Dans sept communes drômoises, 22 sangliers trouvés morts auraient été victimes de la bactérie tueuse apparue pour la première fois en Ardèche chez des sangliers, (« fortes suspicions » pour la Drôme selon les scientifiques de l’ONCFS).

La date réelle de découverte dans la Drôme des premiers cas est aujourd’hui sujet de polémique. En effet, dans son communiqué daté du 17 septembre 2018, le président de la FDC 26 situe l’origine de l’épisode à la première quinzaine de septembre : « Sur le GGC15, une dizaine de cadavres de sangliers a été retrouvée depuis une quinzaine de jours (semaines 36 et 37) », affirme-t-il.
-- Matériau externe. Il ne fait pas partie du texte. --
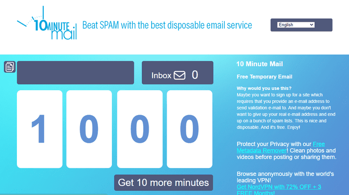 Denominato anche Drop Mail 10, questa piattaforma, come descritto perfettamente nel proprio nome, offre un servizio per un tempo limitato di 10 minuti (più eventuali altri 10 minuti aggiuntivi). Puoi usufruire di questo servizio direttamente dal sito web 10minutemail.com, accessibile da qualsiasi dispositivo.

Or, l’enquête du Dauphiné Libéré situera dans un premier temps cette découverte « début août » (éditions du 3 octobre). Puis, après avoir assisté à la conférence de presse donnée le 18 octobre au siège de la FDC 26 en présence de la responsable scientifique du réseau Sagir de surveillance sanitaire de la faune sauvage (ONCFS), des services départementaux de l’Etat, le quotidien régional (éditions du 19 octobre) fait finalement remonter le début de l’épisode des « 22 sangliers retrouvés morts sur le Groupement de Gestion Cynégétique 15 » à la date précise du « 10 juillet », ce qui fait quand même près de deux mois d’écart …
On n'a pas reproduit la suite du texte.